Si el liderazgo se compone de una gran cuota de conocimientos, ¿cómo hace el jefe veinteañero o treintañero para ejercerlo frente a alguien mayor y más experimentado?

"Es el planteo de dónde empieza y termina la dependencia cuando se contrata a un profesional. No se requieren los servicios de un abogado para discutirlo. Con los profesionales se puede dar esa posibilidad de pérdida de liderazgo porque éste prevalece desde el conocimiento de lo técnico científico", expresó Alicia Calvo, secretaria académica de la carrera de Relaciones del Trabajo, de la Facultad de Ciencias Sociales de la UBA.

Acerca de los cuestionamientos al nivel de conocimientos del jefe joven, Rodolfo Nahben, titular de Administración de Recursos Humanos de la Licenciatura de Administración en Recursos Humanos de la Universidad de Belgrano, opinó que "debe poseerlos de manera global, pero eso no implica que sepa menos".

En cuanto a los niveles de pericia de una y otra partes si la primera debe ser organizadora integral de soluciones dispersas y la segunda es quien posee y puede transmitir esas respuestas específicas, el carácter del contacto laboral cambia. De jefe-subordinado , la relación pasa a plantearse en términos intercambiables de coordinador-coordinado .

El primer paso para construir un vínculo armonioso y provechoso es el reconocimiento del valor de la experiencia. "Es una cuestión de nivel cultural. Si el jefe joven tiene un alto nivel de absorción puede aprender de sus colaboradores. Esto se da en todas las edades", según Calvo.

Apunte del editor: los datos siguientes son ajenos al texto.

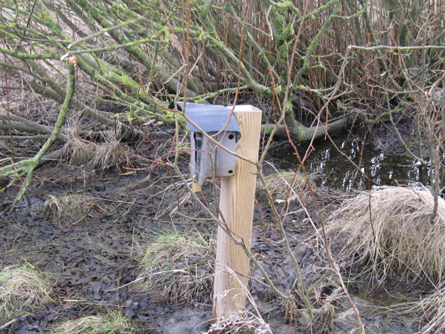 Am 9.2.2015 fand ich im Speicherkoog nordöstlich des Wöhrdener Lochs am Rande eines Biotops eine Wildkamera, die auf einen Luderplatz gerichtet war. Ein Reh-Kadaver wurde hier offensichtlich beobachtet. Wieder wurden die Vorschriften nicht eingehalten. Die Kamera wurde auf einem Grundstück betrieben, dass jeder betreten darf und es waren keine Hinweisschilder vorhanden.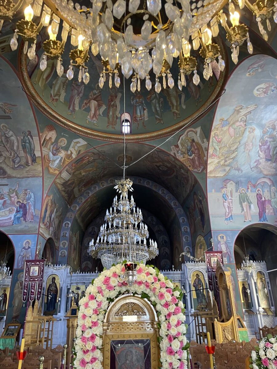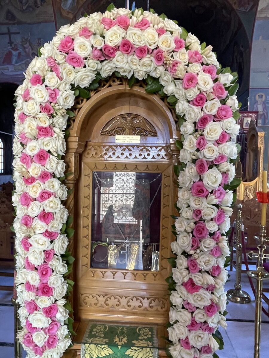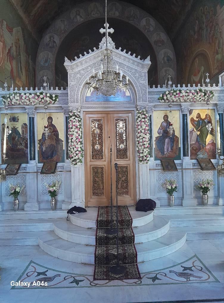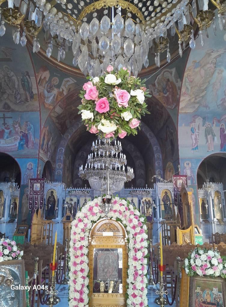 Η εκκλησία αυτή αύριο γιορτάζει και στολίσμενη  με λευκά και ροζ τριαντάφύλλα είναι έτοιμη να υποδεχθεί τους πιστούς όχι μόνο της ενορίας .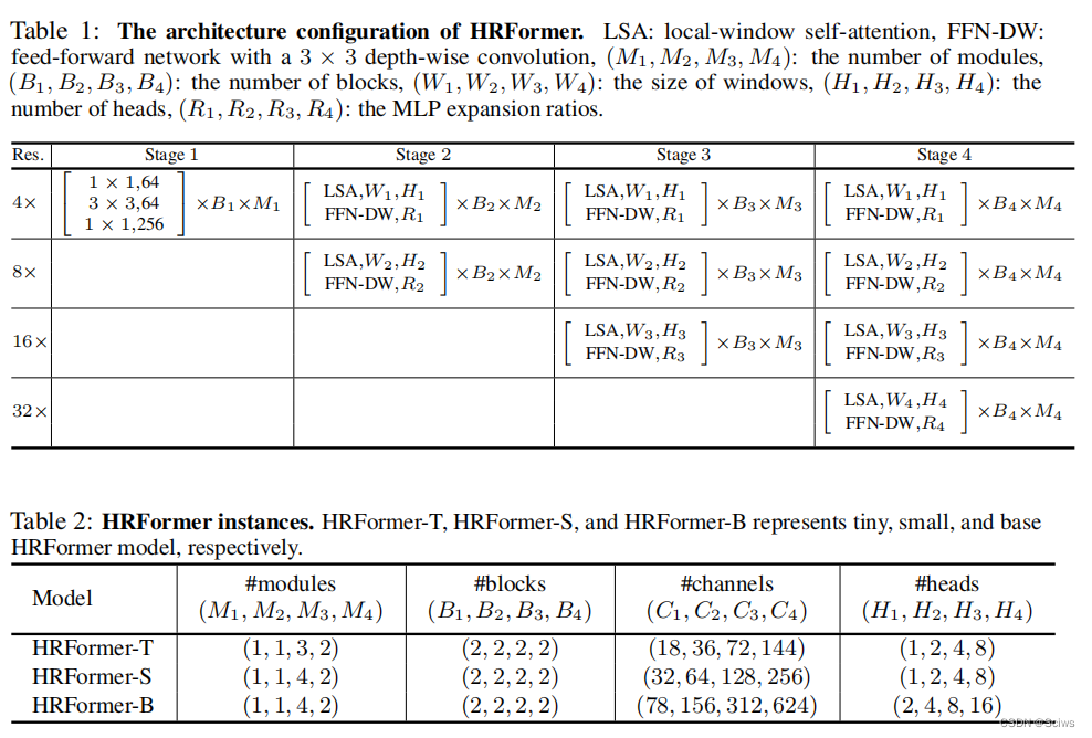 - 首先,HRFormer在stem和第一阶段都采用卷积,因为一些同时进行的研究也表明卷积在早期阶段表现更好。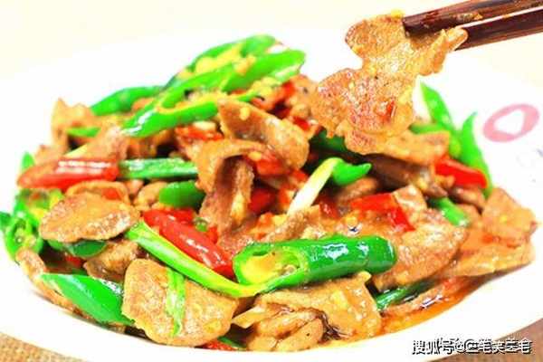 然后把浸泡好的猪肝充分洗干净腌一下:加入一勺食盐入底味、一小撮淀粉锁住水分,放一边腌上三五分钟。锅内烧油,油温4成热时,倒入腌好的猪肝快速滑炒10秒钟、立马倒出来控油,提前滑油便于快速炒熟、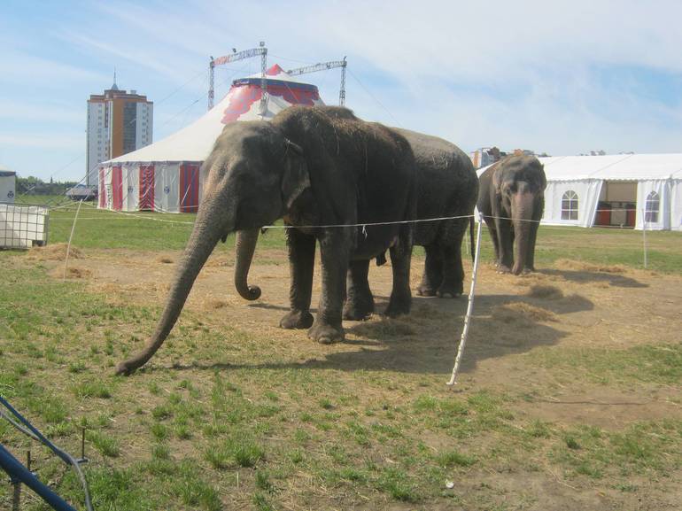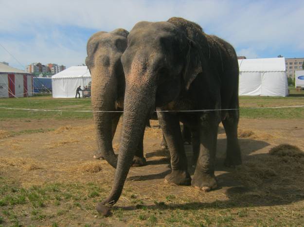 А все дело в том, что в Бресте Цирк ДЗIВА, а там слоны. Вот мы и подъехали к Цирку посмотреть слонов. Они гуляют за оградой, такие спокойные и большие.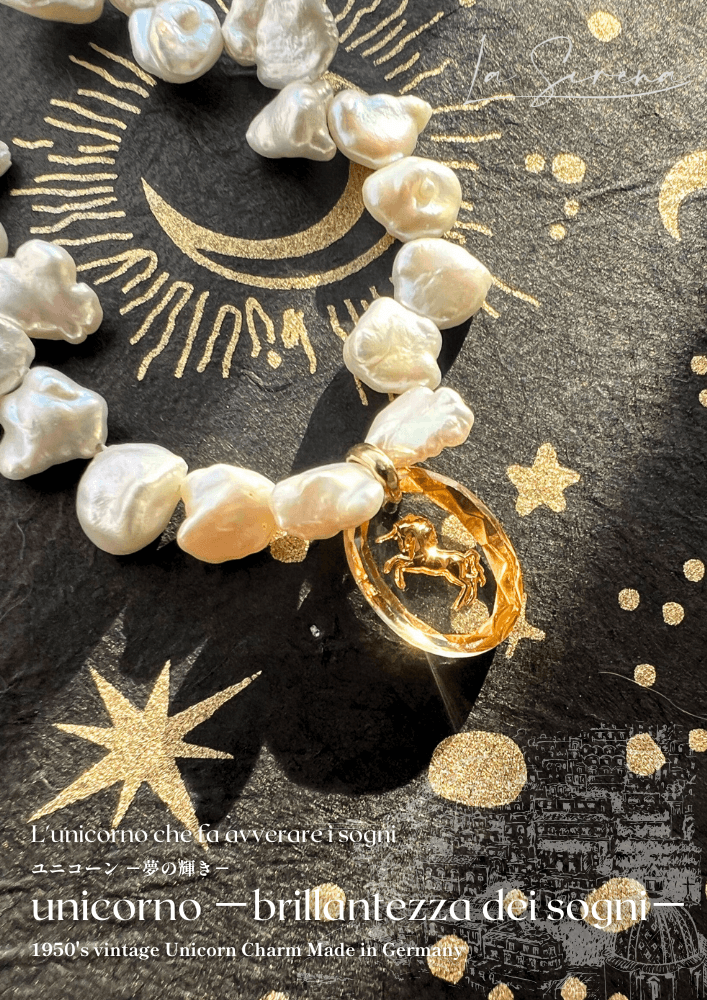 創業から4回目のクリスマスを迎えたことを記念して、“ユニコーン -夢の輝き-”と名付けられたネックレスは、ドイツ製ヴィンテージガラスのユニコーンチャームと淡水パールで仕立てられています。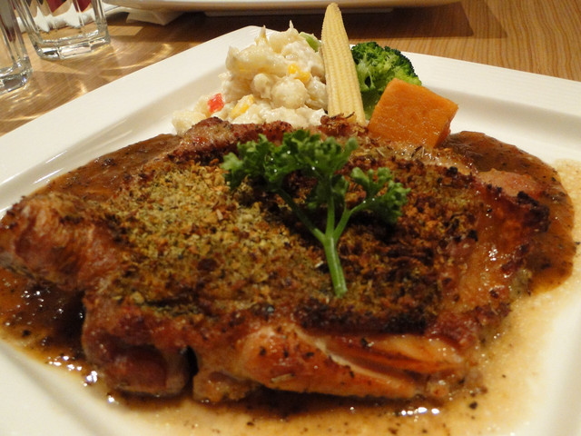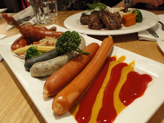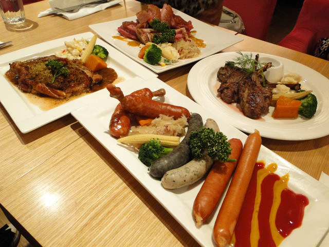 我們點了羊小排、豬腳、烤雞腿、德國香腸,哇!一桌子的大餐看起來好豐盛喔!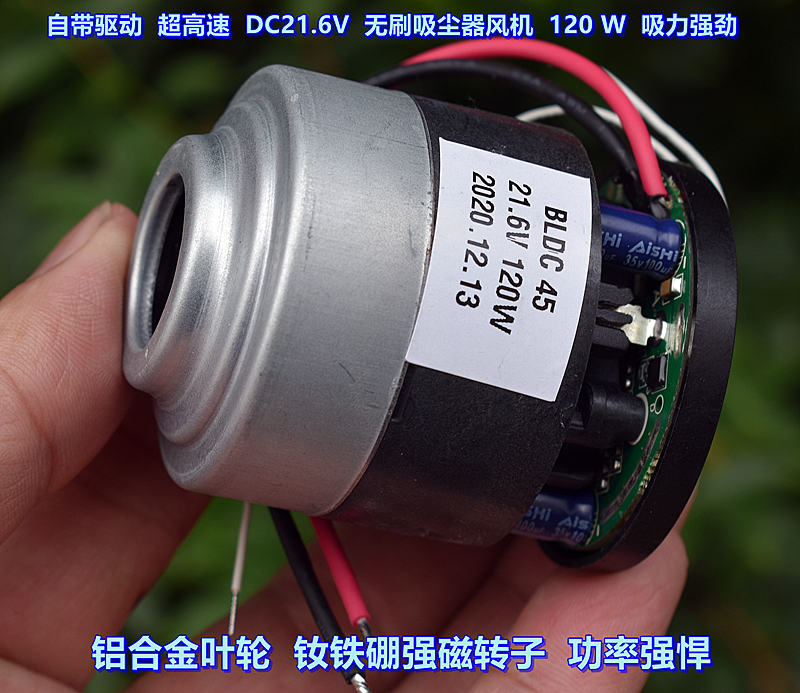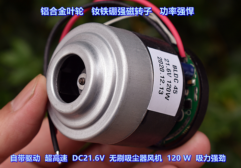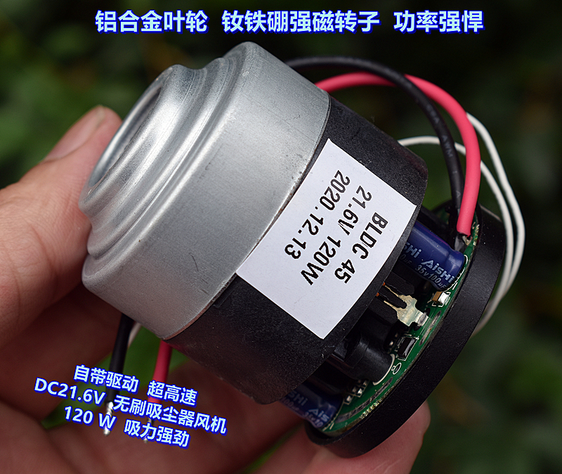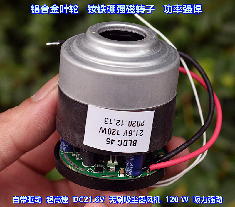 We have a brand new ultra high speed brushless vacuum cleaner fan in stock, which comes with a brushless drive plate and is suitable for voltages ranging from DC21.6V to DC24V. The inner rotor of neodymium iron boron high strength magnet and precision aluminum alloy impeller cannot be tested at the moment, but the estimated speed is nearly 100000 revolutions. The current at DC21.6V is 5.9A, the power rate is 120W, and the current at DC24V is about 5.2A, and the power is about 120W. Although the size is small, the suction force is strong, It is a brushless fan used in high-end micro vacuum cleaners. This fan can operate by only connecting the positive and negative poles, which is very convenient to use. The red wire is connected to the positive pole, the black wire is connected to the negative pole, and the positive and negative poles are strictly prohibited from being connected in reverse. This batch of brushless fans also has a 6P small socket equipped with a plug, but the plug only comes with two white wires. This is a high and low speed switch. When the two white wires are suspended and disconnected, the fan runs at the highest speed. When the two white wires are connected, the fan runs slowly (the current is reduced by half).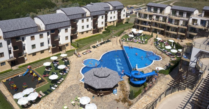 Localizare: in prima linie de hoteluri, la 150 m de plaja . A fost construit in anul 2009 si se afla intre Blachik si Kavarna Capacitate complex: mai multe corpuri a cate 4 etaje, 44 apartamente 1 dormitor, 5 apartamente 2 dormitoare. Facilitati: piscina exterioara pentru adulti, piscina exterioara pentru copii, centru wellness, fitness, sauna, baie de aburi, jacuzzi, masaj, tobogane, 2 restaurante (principal si panoramic), 2 baruri, seif la receptie, lift (doar in cladirea cu receptia), internet cafe, internet wireless, exchange, rent-a-car, spatiu de joaca pentru copii, camera de joaca pentru copii (gratuita), tenis de masa, volei, basket, teren de tenis, fotbal, golf, biliard, jocuri mecanice, sala de conferinte (60 - 80 persoane) cu echipament, centru de afaceri, shuttle bus pana la / de la plaja (intre 09:00 - 17:00, din 30 in 30 min zilnic), zona securizata, zona de parc si gradini. Umbrelele si sezolungire la plaja se platesc. Pe plaja publica se gasesc restaurante si baruri.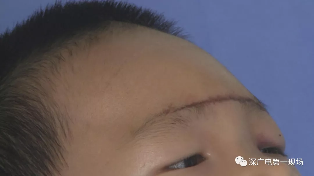 對于這種“眉弓部皮膚裂傷”,為了盡量不影響小孩術后的外觀,院方使用了現(xiàn)階段最細的眼科縫線,這種線一般用作眼球縫合,希望愈后疤痕盡可能的小。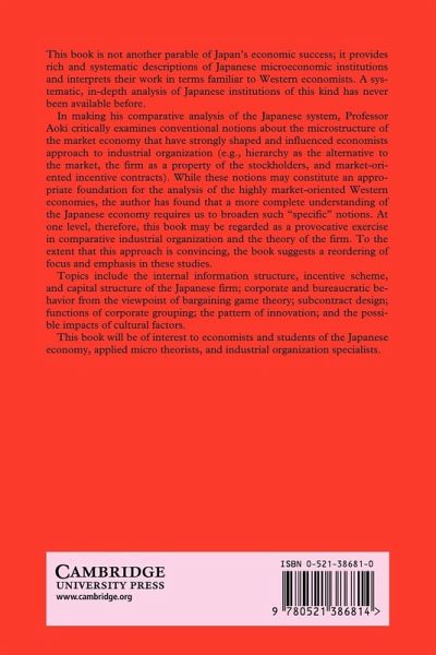 This book is not another parable of Japan's economic success; it provides rich and systematic descriptions of Japanese microeconomic institutions.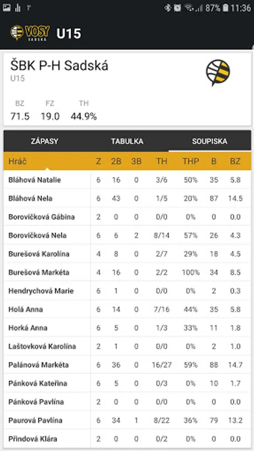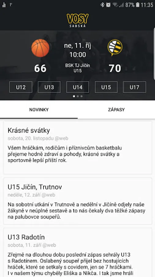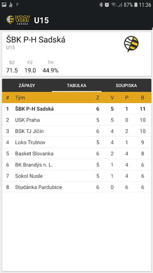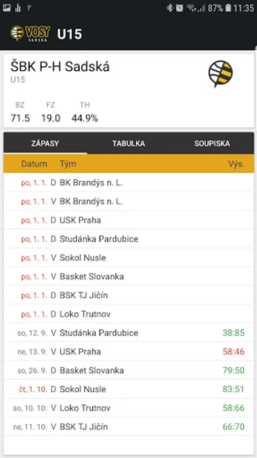 ŠBK Sadská - Sadské Vosy. Overview of news, matches and statistics of individual teams and players. Calendar of all upcoming matches. Notification of change of venue and time of individual matches.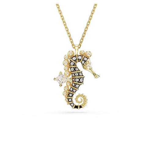Swarovski Pendentif Idyllia, Crystal pearls, Hippocampe, Bleu, Placage de ton or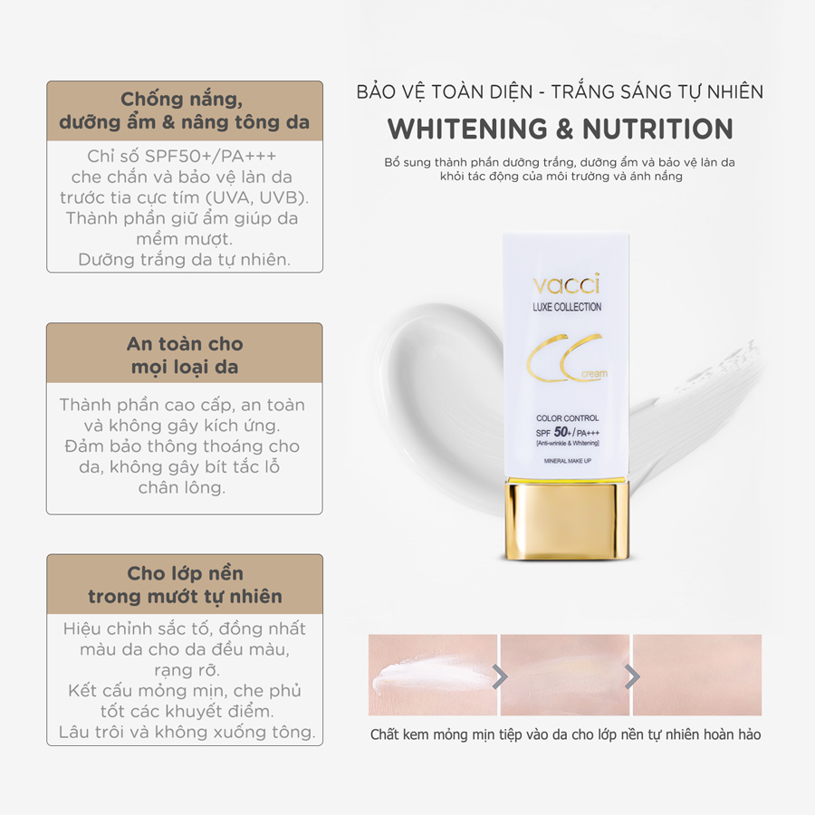 Tên viết tắt của CC là cụm từ “color correction” hay “color control” nghĩa là “CC VACCI cream điều chỉnh màu da”, do đó sản phẩm này tập trung vào việc cải thiện sự đồng đều màu da. Kem Phấn Nền Thế Hệ Mới Dưỡng Trắng Da Đa Chức Năng CC VACCI Cream SPF50+/PA+++ là sản phẩm kem trang điểm đa năng có tác dụng hiệu chỉnh tông màu da, cho làn da đều màu tự nhiên. Chứa những hạt phân tử siêu nhỏ được chiết xuất từ thiên nhiên, có khả năng giúp bảo vệ da khỏi tác nhân bên ngoài, ngăn khói bụi ô nhiễm từ bên ngoài tác động vào da mà không gây kích ứng.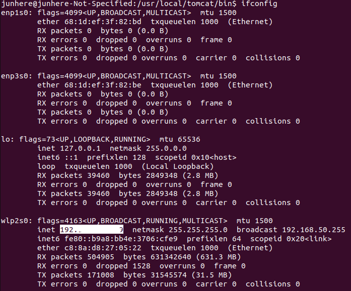 ( 만약 설치가 안돼 있다면 sudo apt install net-tools 해주세요 )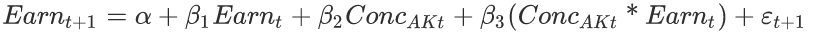 (5)where Earnt+1 is earnings in year t + 1; Earnt is earnings in year t, and the variable ownership concentration is controlled by ConcAkt, where "k" represents the index denoting if the concentration is measured by the percentage of shares owned by the largest shareholder (k = 1) or by the percentage of shares owned by the five largest shareholders (k = 5).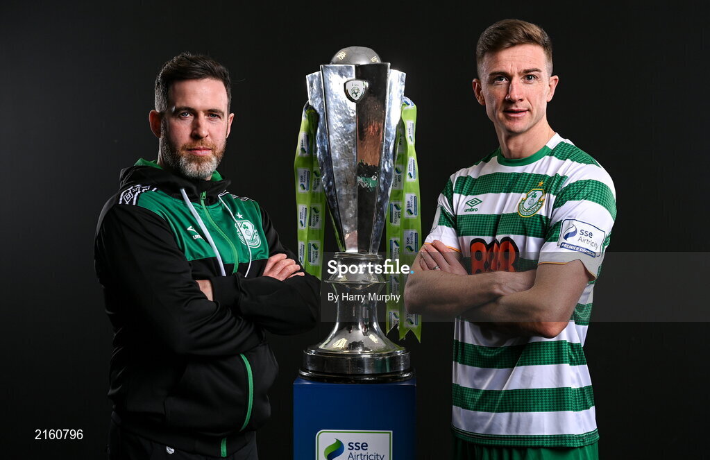 9 February 2022; Shamrock Rovers manager Stephen Bradley and Ronan Finn of Shamrock Rovers with the SSE Airtricity League Premier Division trophy at the launch of the SSE Airtricity Premier & First Division and Women's National League 2022 season held at at HBV Studios in Clarehall, Dublin. Photo by Harry Murphy/Sportsfile
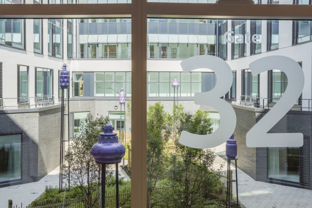 Each courtyard’s sculptures are finished in a different color, which not only distinguishes the spaces but also serves as a key part of the hospital’s wayfinding scheme. These striking installations are visible from numerous vantage points throughout the new and historic Brunel buildings.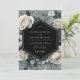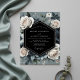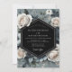 A lavish display of pale roses and deep blue foliage evokes a sense of sophisticated romance. This design blends rich, dark botanical elements with soft, creamy blooms for a dramatic yet elegant feel. The intricate floral arrangement creates a moody and luxurious atmosphere.

Otra condición es la predisposición para trabajar en equipo. "El líder aislado -continuó Calvo- no puede manejar nada. Debe entender su función como la de cohesionador. Por otro lado, una persona mayor puede adaptarse a la gente joven si tiene buen nivel cultural."

En el caso del jefe, el desarrollo intelectual, que seguramente fue el gran posibilitador del progreso en la carrera, debe estar acompañado por el emocional. Para Nabhen, "un jefe maduro emocionalmente sabe tratar a los colaboradores según sus edades y respetándolos como personas".

En el caso del coordinado, aunque posea mayor experiencia en cuestiones específicas, debe respetar lugares ganados. "Si por tener más experiencia alguien quiere negociar cuestiones personales -como por ejemplo, llegar más tarde- y no de interés institucional, ésa es una práctica que hay que erradicar. Las argumentaciones deben ser por ideas y no por uso del poder", afirmó Calvo.

Las formas pesan. Si el jefe tiene que manejar a personas más jóvenes, debería actuar como coach o tutor. Si se trata de coordinar a personas mayores, debería considerar su seniority . "Dejando en claro las reglas del juego puede tratarlo como a un par", recomendó Nabhen.

Los rápidos ascensos, aunque sean merecidos, pueden herir egos y dejar a gente capaz en el camino. La recomendación de los expertos es cuidar las formas, darle a cada uno su lugar y mantener abiertas las vías de comunicación.